Tihomir Stojaković (Тихомир Стојаковић; born 25 July 1985) is a Serbian politician. He served in the Assembly of Vojvodina from 2016 to 2020 and has been the mayor of Irig since August 2020. Stojaković is a member of the Serbian Progressive Party (SNS).

==Early life and career==
Stojaković was born in Novi Grad, in what was then the Socialist Federal Republic of Yugoslavia. He attended primary and secondary school in Irig and graduated from the University of Novi Sad's Faculty of Sport and Physical Education. He taught at the secondary school Borislav Mihajlović Mihiz from 2009 to 2013 and was director of the same institution from 2013 to 2016.

==Politician==
Stojaković served on Irig's municipal council (i.e., the executive branch of the municipal government) from 2012 to 2015 with responsibility for sports and youth. He joined the Serbian Progressive Party in 2014.

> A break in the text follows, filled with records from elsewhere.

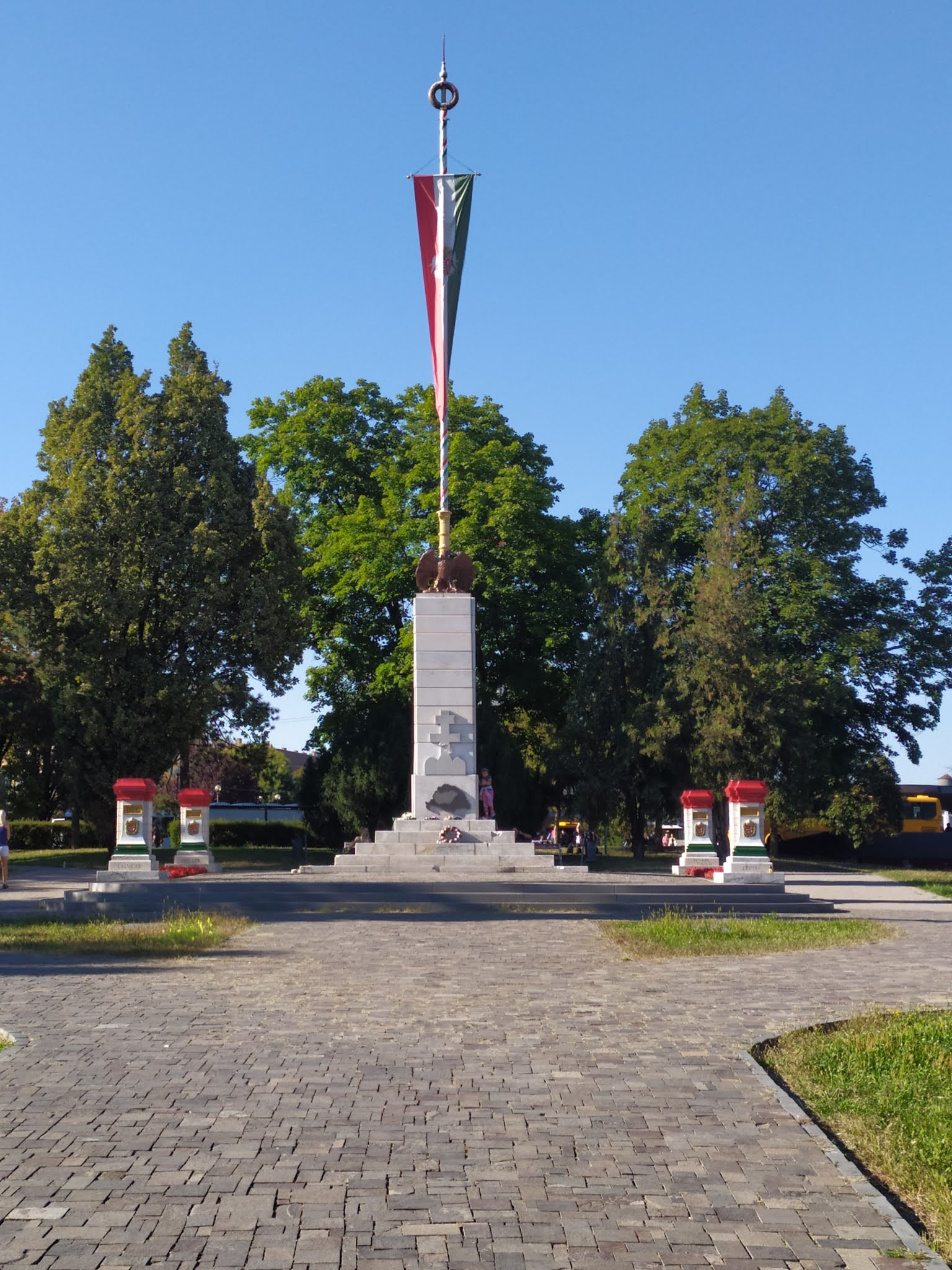 Zu unserer unbändigen Freude gab es schon wieder so ein 5 Forint Drehteil und wie schon in Budapest scheiterte es am 5 Forint Stück. Aber das Teil stand vor einem Fotoladen und der Inhaber des Ladens schien auch der Inhaber des Drehteils zu sein. Axel ist in den Laden und kam mit dem passenden Kleingeld raus. Herrliche Welt. Wir setzten uns eine Weile auf den Markt, sahen dem Wasserspiel zu, genossen den Tag und guckten bissel Leute. Da es auf dem Markt auch ein Lebensmittelgeschäft gab, kauften wir fix das benötigte Brot, nebenan noch ein Bier und besuchten dann noch das einzige Minarett der Stadt. Das hat eine Besonderheit, es ist ein Kreuz oben drauf. Auf dem Rückweg zum Campingplatz machten wir noch einen Abstecher in einem Park - Bank fürs Bier gesucht und gefunden und gemütlich eine Weile gesessen.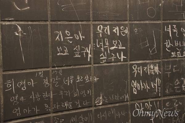 | ▲ 13년 전 대구지하철 참사가 일어났던 중앙로역에 마련된 '기억의 공간'. 검게 그을린 벽체에 유족들이 보고 싶다는 글을 써 놓았다. |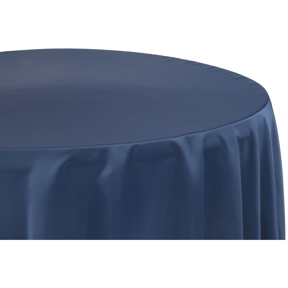 Introducing Our Navy Blue Lamour Satin 132” Round Tablecloth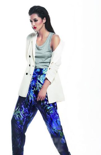 白色长版西服System RMB 3,250灰色纯棉背心+J RMB 148丝绵印花长裤Me&City RMB 299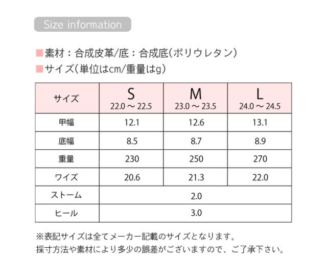 | リゲッタの働く女性に向けたお仕事シューズ 痛くない、疲れにくい、歩きやすい… と思ってもらえる、そんなフットウェアを目指してつくられています。 グミのような「やわらかソール」が土踏まずにぴったりフィット! 長時間履いても疲れにくい。 反りあがった形状で蹴り出しがラクな『ローリングカット』を施したインソール。 つまずき予防になり、着地から蹴り出しまで正しい体重移動をサポートします。 つま先は面テープ、甲はベルトで調整ができるので、甲高・幅広の方も足にフィットして楽に履けます。 ■サイズ S(22.0〜22.5cm) M(23.0〜23.5cm) L(24.0〜24.5cm) 実寸サイズの詳細につきましては画像をご確認ください。 ■素材:合成皮革/底:合成底(ポリウレタン) ■生産地:日本 <注意事項> ※表記サイズは全てメーカー記載のサイズとなります。 採寸方法や素材により多少の誤差がございますので、ご了承下さい。 ※お客様のご覧になられますパソコン機器及びモニタなどの違いにより、実際の商品素材の色と相違する場合もありますのでご了承下さい。 |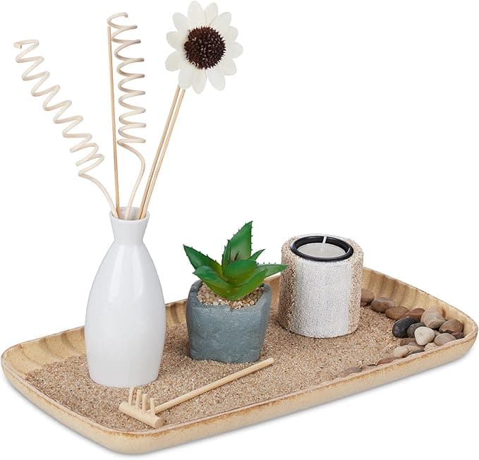 Relaxdays Juego Portavelas Jardín Zen, Bandeja para Velas, Arena y Piedras, Planta Artificial, Decoración de Hogar, Multicolor, Tablero de Fibras, 26 x 34 x 17,5 cm

He appeared in the sixty-sixth position on the SNS's electoral list in the 2016 Vojvodina provincial election and narrowly missed direct election when the list won a majority victory with sixty-three out of 120 seats. He received a mandate on 18 July 2016 as the replacement for another party delegate and served for the next four years as a government supporter. In the assembly, he was a member of the committee on education and science and the committee on youth and sports. He did not seek re-election in 2020.

Stojaković led the SNS list for Irig in the 2020 Serbian local elections and was elected when the list won a majority victory with fifteen out of nineteen seats. He was chosen as mayor of the municipality on 24 August 2020.